Amended H1B Petitions

In 1996 Legacy INS (now the USCIS) issued a memorandum outlining the general policy guidelines on when a new or amended H1B petition must be filed.

This memo was issued to allay confusion about deadlines for filing an amended petition. Although the memo attempts to clarify some important issues, there are many questions, which remain unanswered.

The position of the USCIS is that an amended petition must be filed whenever there is a “material change” in the terms and conditions of the employment if these affect the H1B beneficiary’s eligibility for the H1B classification. For example, a change from full-time employment to part-time employment would require an amended petition.

Under current USCIS policy trends, a change in job location, particularly where accompanied by other changes in employment terms, has the potential to be considered a material change requiring the filing of an amended H1B petition. This amended or new petition must be accompanied by an LCA for the new employment location.

The interpretation and application of term “material change” is the subject of legacy INS memos and opinion letters.
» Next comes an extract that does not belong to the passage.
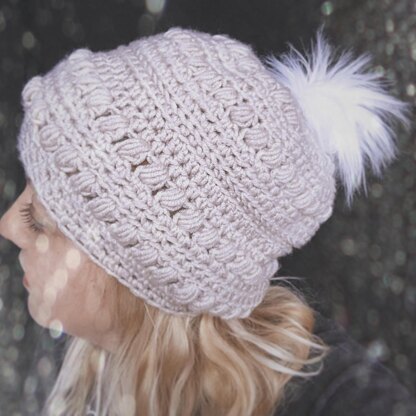 This hat is thick and cozy and full of beautiful texture. It adds just the right amount of slouch to make this hat super trendy and fun. Top it off with a soft and fluffy faux fur Pom Pom for added flair.

For many years, the general practice for H1B employee relocation was solely to file an LCA for the new location/s, without also amending the H1B petition. This approach was based largely upon favorable interpretations of legacy INS guidance.

However, the current USCIS policies have moved toward more restrictive interpretations with respect to many H1B issues. Thus, there are concerns about relying solely upon past practice and policy. The legacy INS guidance is not binding, and could be potentially read more narrowly than in the past, so as to support requiring H1B amendments for many location changes. The regulations also could potentially be read so as to support this interpretation. This is particularly so where the change in job location also includes other changes in the position, such as changes in duties, salary, minimum hiring requirements, etc. This could be the case where an employee is relocated to a new end client or a project in a consulting context. Relocating an H1B worker without filing an amendment to the petition could result in issuance of a notice of intent to revoke the H1B petition. At the time of this writing, there has been no written policy change. There are, however, indications that the USCIS is utilizing a more expansive interpretation of “material change,” which could encompass changes in job location that were previously viewed as not requiring H1B petition amendments.

Failure to amend H1B petitions where there are material changes in the terms and conditions of employment can lead to findings of violations. Thus, it is recommended that on consult with a qualified and experienced immigration attorney prior to relocating an H1B worker to discuss whether an amended petition is required.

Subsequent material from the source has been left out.